L’art. 24 della legge n. 241/1990 infatti nell’individuare i casi di esclusione del diritto di accesso, sancisce che il diritto di accesso è escluso, tra le altre ipotesi, nei casi di segreto o di divieto di divulgazione espressamente previsti dalla legge, dal regolamento governativo di cui al comma 6 e dalle pubbliche amministrazioni ai sensi del comma 2;al comma 2 riconosce che le singole pubbliche amministrazioni individuano le categorie di documenti da esse formati o comunque rientranti nella loro disponibilità sottratti all’accesso ai sensi del comma 1.

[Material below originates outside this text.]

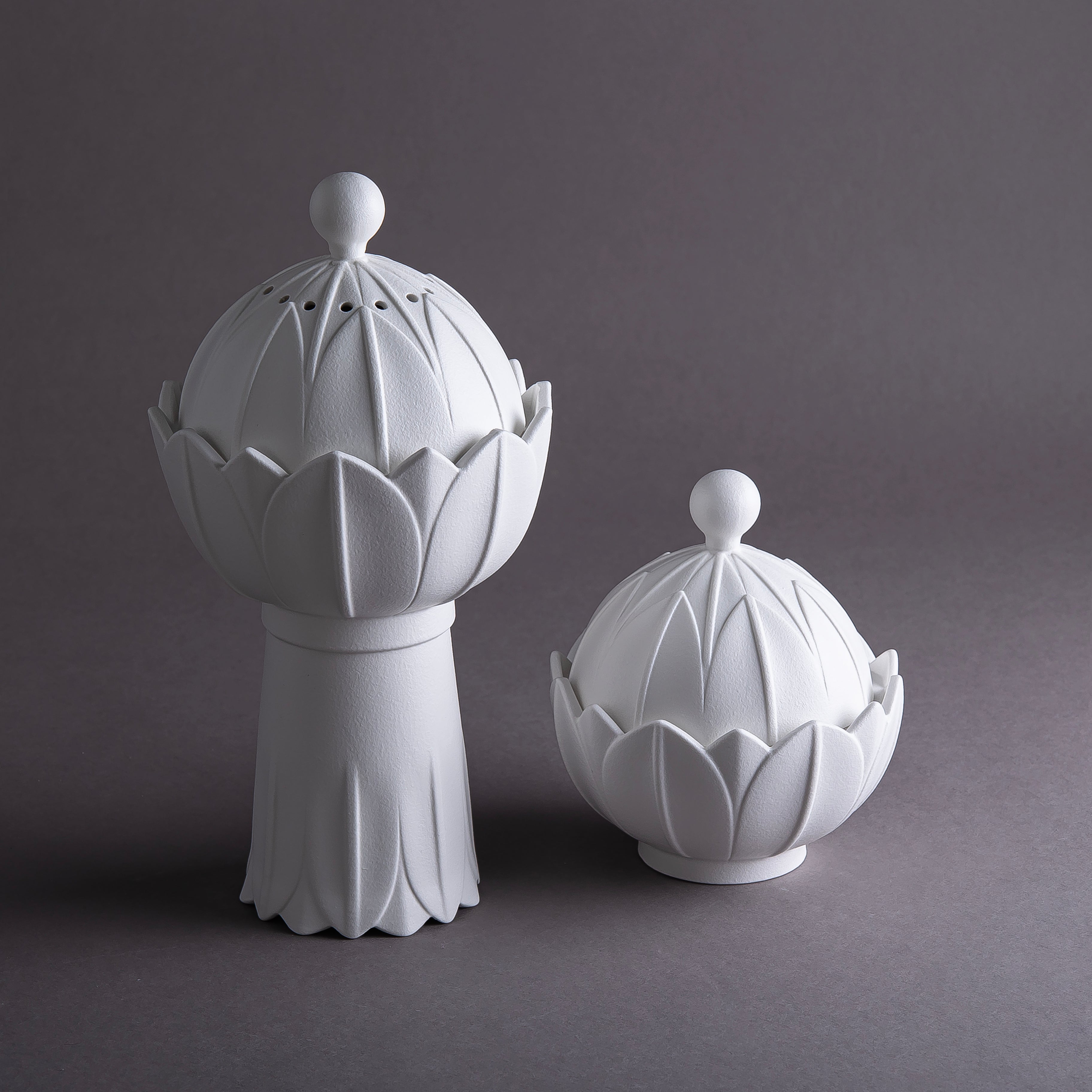 طقم مكون من مبخر و وعاء سيراميك مع بوكس هدايا - أبيض

L’art. 16, L. 24/2017, sancisce poi che i verbali e gli atti conseguenti all' attività di gestione del rischio clinico non possono essere acquisiti o utilizzati nell'ambito di procedimenti giudiziari;ebbene, anche a sostenere che i verbali riguardanti l’attività di gestione del rischio clinico siano sottratti all’accesso al fine di essere utilizzati in procedimenti giudiziari, non si può giungere ad equiparare la relazione-perizia medico legale interna, istruita a seguito richiesta danni, ad un atto conseguente all’attività di gestione del rischio clinico.
Per tutto quanto sopra esposto, l’appello deve essere accolto.
Sussistono giusti motivi per disporre la compensazione delle spese.